D v D (2012)
 EWCA Civ 1641
Court of Appeal (Civil Division)
In ancillary relief proceedings, a wife was entitled to a lump sum of £2.2 million which included some of the value of a hotel business which her husband had inherited. Although the judge had erred in concluding that the hotel business had effectively no value at the time the husband acquired it, his assessment of the appropriate split of assets was not infected by that error given the wife’s contribution to the business and the difficulty in effectively valuing the business at the time of the transfer to the husband.
The appellant husband (H) appealed against a decision to award the respondent wife (W) a lump sum of £2.2 million in addition to the matrimonial home in ancillary relief proceedings.
H had inherited sole control of a hotel business from his father, who had in turn inherited the business from his father. When H and W had entered into their relationship, H owned the hotel property jointly with his two sisters. He subsequently bought out his sisters to become the sole owner of the properties as well as the business. The judge found that at the beginning of H’s and W’s relationship, the net assets in the business apart from the hotel properties themselves were effectively nil. He concluded that W had made a high contribution to the hotel’s success and that it would be impossible to identify H’s and W’s differing fractions of contribution, and accepted W’s argument that one-third of the available assets should be attributed to H and excluded from the sharing principle, and the remaining two-thirds should be divided between her and H.
H submitted that the judge had denied him relief from the general sharing principle to reflect the fact that a substantial part of the available assets had derived from family inheritance and inter-generational transfer. He argued that the judge should have identified the value of the inherited assets, ring-fenced them, and removed them from the tally of assets properly available for division by the court, and following that course he should have awarded W a lump sum of £1.5 million instead of £2.2 million.
The judge erred in accepting that the business itself was of effectively no value at the date H acquired it from his father, but the result he ultimately ordered was not infected by that error.
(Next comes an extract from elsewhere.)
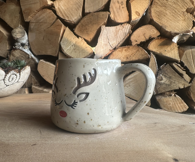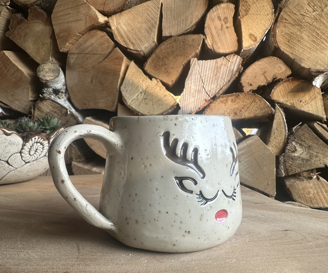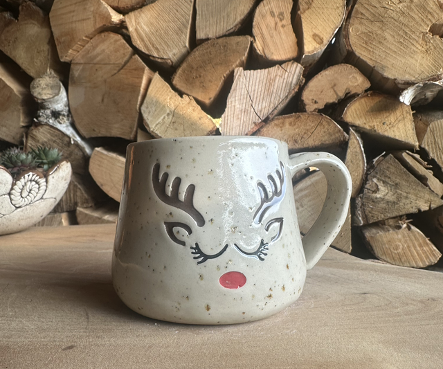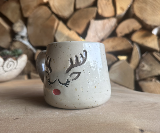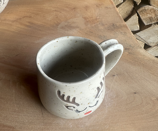 Diese liebevoll bemalte Rentier-Tasse aus Keramik bringt festliche Freude in jede Küche.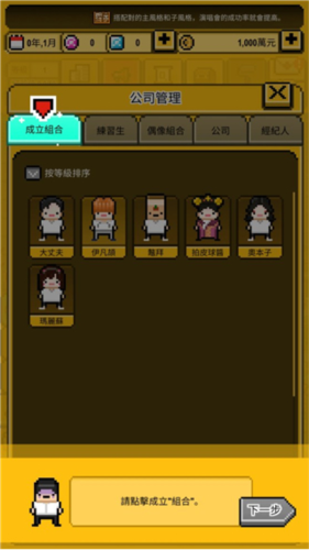 (1)玩家创建好属于自己的公司之后,就可以挑选自己喜欢的练习生打造偶像团体了,在上方的任务按钮进入挑选界面。

In light of the financial information available, the business would have had some value at the date of transfer to H. However, valuation experts were not pressed to provide a valuation of the business at that time, and such a valuation would have been a difficult exercise, Whiteman Smith Motor Co Ltd v Chaplin  2 K.B. 35 considered. It was unlikely that the value of the business was as significant as H had suggested, and in any event W’s commitment had played an important role in maintaining such value as it had. Further, W had conceded that one-third of the total net assets should be extracted and protected from her claim, and had demonstrated that the judge had acted on that concession, without which the award might have exceeded £2.2 million. The effect of the order was to give W approximately one-third and H two-thirds of the total available assets, and that reflected the derivation of the hotel and its trade. Accordingly, it was inappropriate to interfere with the judge’s assessment of the appropriate split of assets (see paras 16-17, 27-28, 33-34, 36 of judgment).